Similarly, for the production of mAbs against mouse antigens some rat myeloma lines have been established from the LOU/C strain. Frequently used are Y3-Ag1.2.3 (secreting kappa light chains; Galfrè et al. 1979) and line IR983F (nonproducer; Bazin et al. 1990). Since rats are not that much easier to handle than mice and since rat hybridomas are sometimes dependent on growth factors, making cell culture more complicated, interspecies hybrids have been constructed. For this, immune rat spleen cells were fused with a murine nonsecretor myeloma cell line. These rat/mouse hybrids turned out to be stable and secreted amounts of mAbs comparable to mouse/mouse hybridomas (Ledbetter and Herzenberg 1979). Mouse interspecies hybridomas have also been created with hamster and rabbit lymphoblasts to obtain respective mAbs (Sanchez-Madrid et al. 1983; Raybould and Takahashi 1988). A more advanced method for the production of mouse antibodies against mouse antigens is the use of knockout mice for immunization. Since they lack expression of the target antigen they are not tolerant and are able to mount a normal immune response.
2.4.3 Cell Fusion
In early experiments cell fusion was facilitated by means of agglutinating viruses like Sendai. The introduction of polyethylene glycol (PEG) as a fusing agent (Pontecorvo 1975) has simplified the procedure drastically and is used throughout the field today. PEG renders the membrane of cells to be fused gluey, so that they stick together. Subsequently plasma membrane fusion occurs, giving rise to a cell with two (or more) nuclei called a heterokaryon. During cell division the nuclear membranes are degraded and the chromosomes are distributed into the daughter cell. These hybrid cells contain only one nucleus but the genetic material of both parents and are named synkaryons. The double set of chromosomes in hybrids causes genetic instability during further mitoses, leading to improper segregation or loss of chromosomes. If chromosomes coding for immunoglobulin heavy or light chain genes (in the mouse chromosomes 6, 12, and 16) are affected, antibody secretion of this hybrid will ultimately stop. To prevent overgrowth of early hybridoma culture by nonproducing variants, immediate cloning of cultures is mandatory. Following many cell divisions the hybrid line is stabilized in its chromosomal inventory. However, prior to mass production of hybridoma cells and in case the antibody titer of culture supernatant declines recloning should be performed (Fig. 2.3).

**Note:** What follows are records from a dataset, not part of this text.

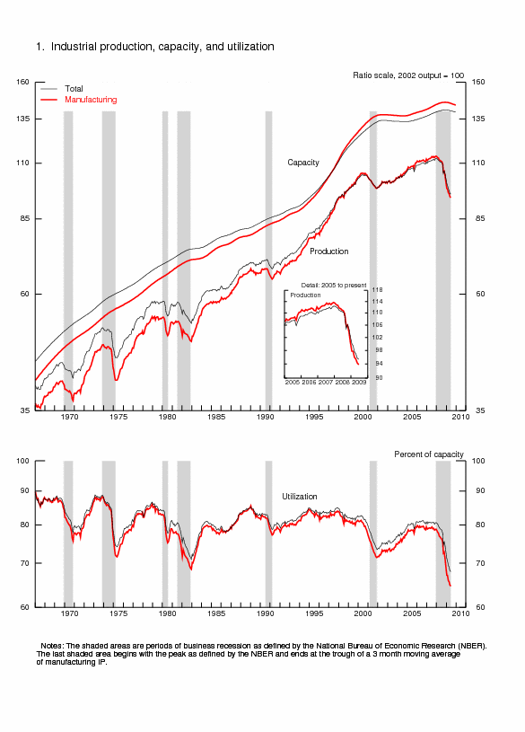 | Ascii | Screen reader | Summary: Industrial Production and Capacity Utilization | Chart | Chart 1: Industrial Production, Capacity, and Capacity Utilization | Chart | Chart 2: Industrial Production and Capacity Utilization | Chart | Chart 3: Industrial Production and Capacity Utilization, High Technology Industries |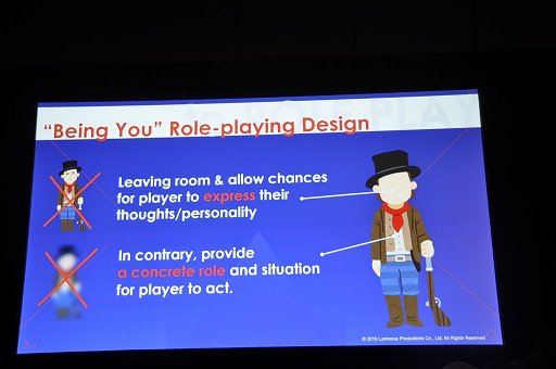 1つは,プレイヤー自身の代理人となる存在を作り上げ,そのキャラクターを通じてロールプレイする方向性。もう1つは,ゲームが提供する特定のキャラクターに感情移入しつつ,ロールプレイするという方向性だ。この2つの方向性は明確に異なるため,「どちらにするか」はハッキリと決めておく必要がある。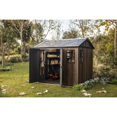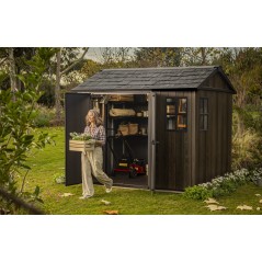 L'abri Apex 759/975 allie l'élégance du bois naturel à la praticité et à la durabilité de la résine, sublimées par une finition noyer raffinée. Il offre un intérieur spacieux, idéal pour aménager votre jardin, et grâce à l'orientation réglable de ses portes et fenêtres, il s'adapte à tous les espaces extérieurs. Robuste, facile à monter et conçu pour résister aux intempéries, c'est la solution idéale pour ranger meubles, outils et accessoires de jardin.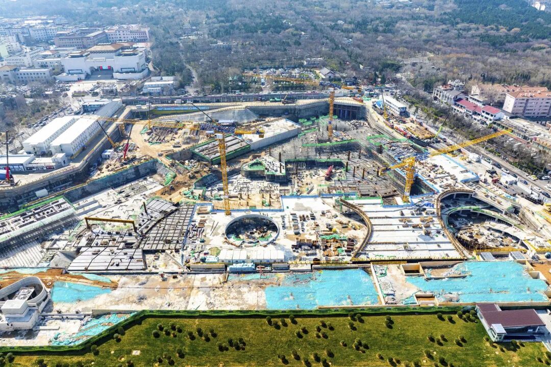在经十路以南、千佛山景区北侧,济南轨道交通千佛山站TOD综合开发项目现场,大型机械往来穿梭,工人们在绑扎钢筋、浇筑混凝土,一片繁忙景象。作为济南首个轨道交通地下TOD综合体,该项目正抢抓施工黄金期,全力推进主体结构施工。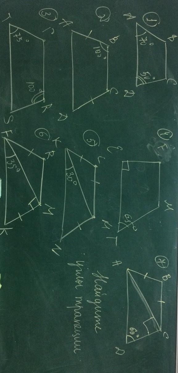 7. ∠САD=90-60=30°; ∠ВСА=∠САD=30° как внутренние накрест лежащие при ВС║АD и секущей АС; ∠ВАС=∠САD=30° по условию; ∠ВАD=30+30=60°; ∠С=∠В=180-60=120° т.к. трапеция равнобедренная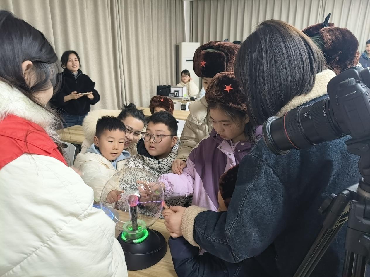 活动现场,志愿者们围绕学雷锋精神展开宣讲,讲述雷锋故事、分享志愿服务精神,引导青少年从小树立乐于助人、奉献社会的良好品质。随后,志愿者化身“科普老师”,带领大家开展一系列安全有趣的物理小实验:等离子球的静电吸附、光影的变化、大气压现象等,通过动手操作、观察现象、原理讲解的方式,把抽象的物理知识变得直观生动。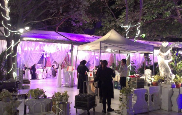 而於玻璃教堂旁的花園宴會廳,則以透明大型帳篷式設計,設備完善,冷氣開放,極富開放感,可延開最多二十席。晚宴時,與一眾賓客同處夜空之下,不稍稍抽離一下的話還不認得這裏仍是那繁忙的香港!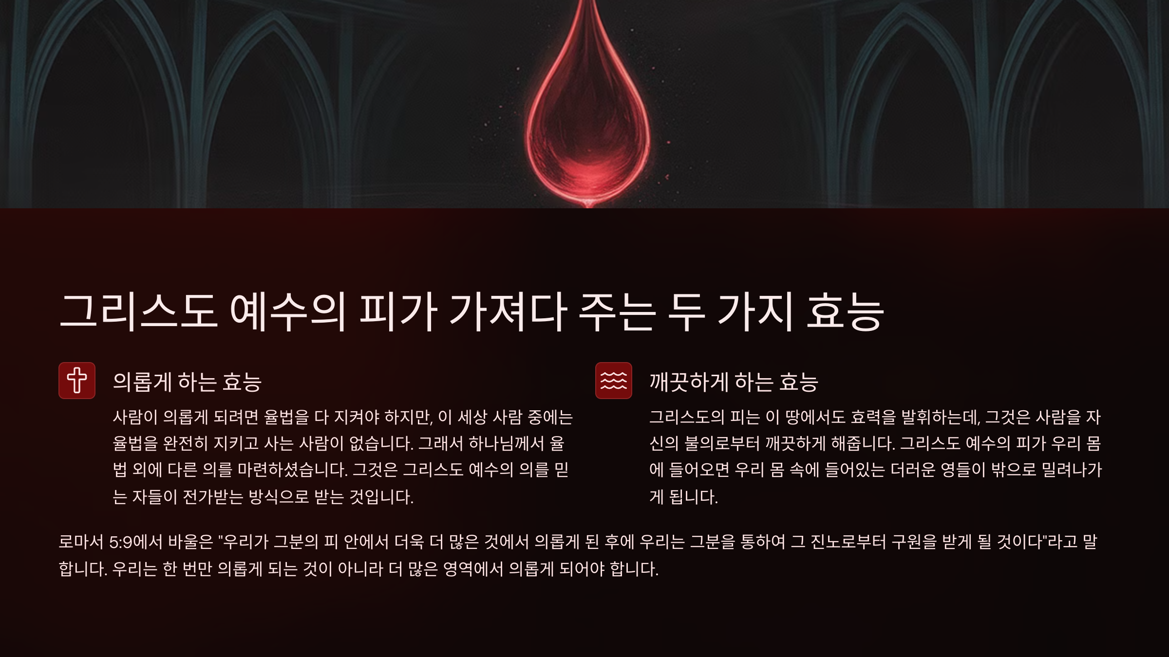 그러므로 사도 바울은 로마서 5:9의 말씀에서 그리스도의 피에 대한 효능을 2가지로 이렇게 말했다.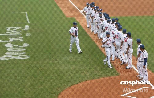 8月13日,北京奧運會棒球比賽揭幕戰(zhàn)在中華臺北隊和荷蘭隊之間舉行。圖為中華臺北隊亮相。中新社發(fā) 武仲林 攝
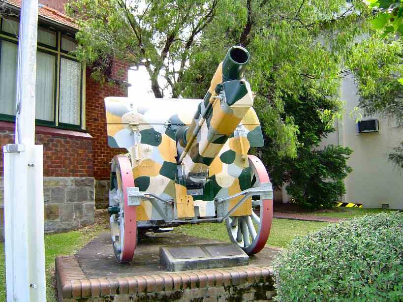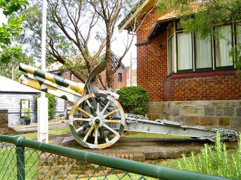 On the description plate, we learn that 'This German 150mm Howitzer n°1177 was captured at the Ferme de Lamotte, near Estrées in France, in October 1918 by the 20th batallion A.I.F., and offered to Hunter's Hill town in 1922 in recognition to its contribution to the war'.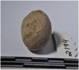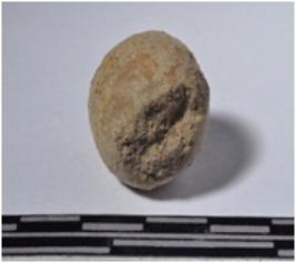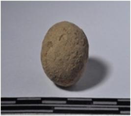| Description / विवरण | A terracotta sling ball, round in shaped and rough surface. |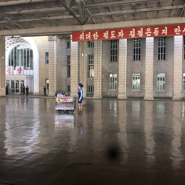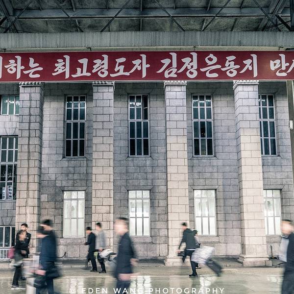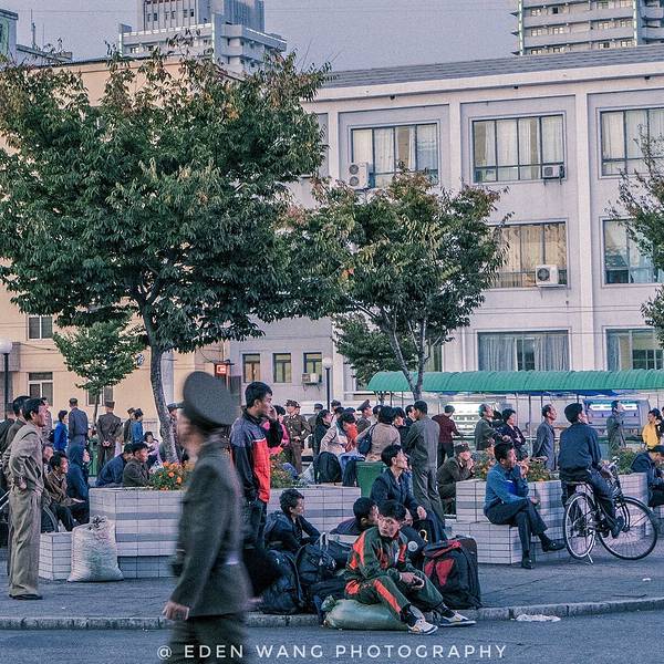 12:10AM安检过后5个小时的车程前往平壤。5:30PM到达平壤火车站 下火车开始,记住!!!在朝鲜拍照你是要跟导游抢时间的。 整趟行程下来我基本跟大部队是反着走的,他们进景点我在外面拍,他们从景点出来,我再进去拍。我们领队总是走过来意味深长的跟我说“别瞎拍,别瞎拍”。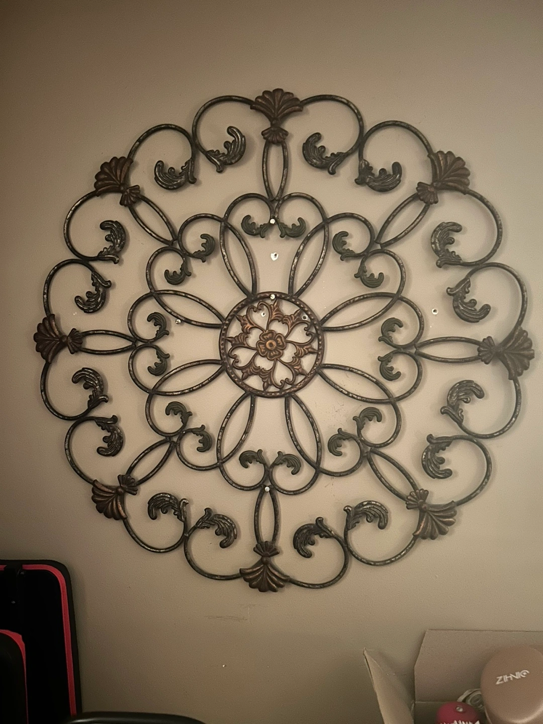 This is a lovely metal medallion wall decor piece. It adds a touch of elegance to any room. It's in great condition and ready to find a new home!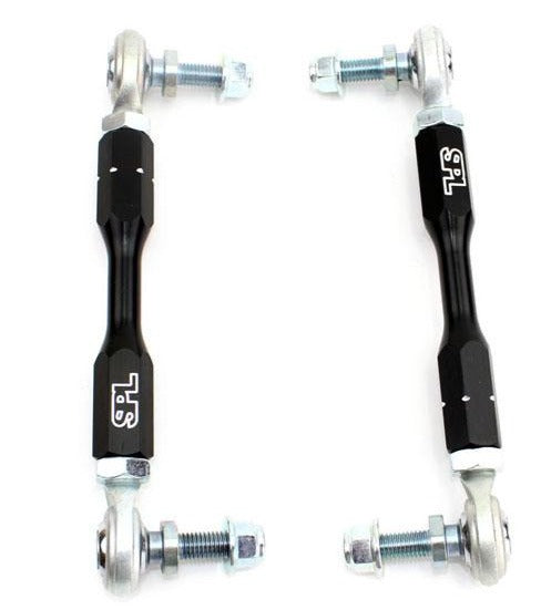 Our SPL PRO rear endlinks (AKA droplinks) for the Infiniti Q50 and Q60 feature massive Teflon lined FK ½" bearings to provide the highest load capacity for use with stiffer aftermarket sway bars. Custom heat treated chromoly high misalignment studs connect to the sway bar and offer extreme articulation capability (65deg) to prevent the endlink from binding when used with different adjustment holes on aftermarket sway bars.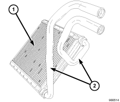 The heater core (1) is a heat exchanger made of rows of tubes and fins and is located at the front of the HVAC housing. The heater core tubes (2) are attached to the front of the heater core and are secured to the HVAC housing by a flange.

Factors critically influencing the outcome of a fusion experiment are the choice of fetal calf serum (FCS) and the health status of the immunized mice. Depending on the content of the growth-promoting constituents, some FCS batches evolve better suited for hybridoma growth than others and it is worth testing for an optimal one. Bacterial and viral infections of rodents can cause severe immune suppression and will lead to low yields of hybridomas. Some protocols recommend the use of feeder cells as a source of growth factors as well as lysis of erythrocytes present in spleen cell preparations from immunized animal prior to fusion. In addition, repeated medium changes to remove potentially harmful substances derived from dying cells have been suggested. In my experience a simplified method works best, leaving the fused cells as untouched as possible. If a spleen from an immunized mouse (containing approximately 1–1.2 ×108lymphocytes) is fused with an equal number of myeloma cells and the fusion mixture is distributed into 15–20 96-well microtiter plates (1440–1920 individual cultures), cell density is high enough to support hybridoma growth even without feeder cells and medium exchange (Fig. 2.4)
As an alternative to the PEG procedure described, electrically induced cell fusion has been developed. It is based on the delivery of high-voltage electrical field pulses to physically fuse lymphoblasts and myeloma cells (Ohnishi et al. 1987; Schmitt and Zimmermann 1989). More recently, a method was published allowing the production of mAbs without hybridomas by using transgenic mice harboring a mutant temperature-sensitive simian virus-40 large tumor antigen (Pasqualini and Arap 2004)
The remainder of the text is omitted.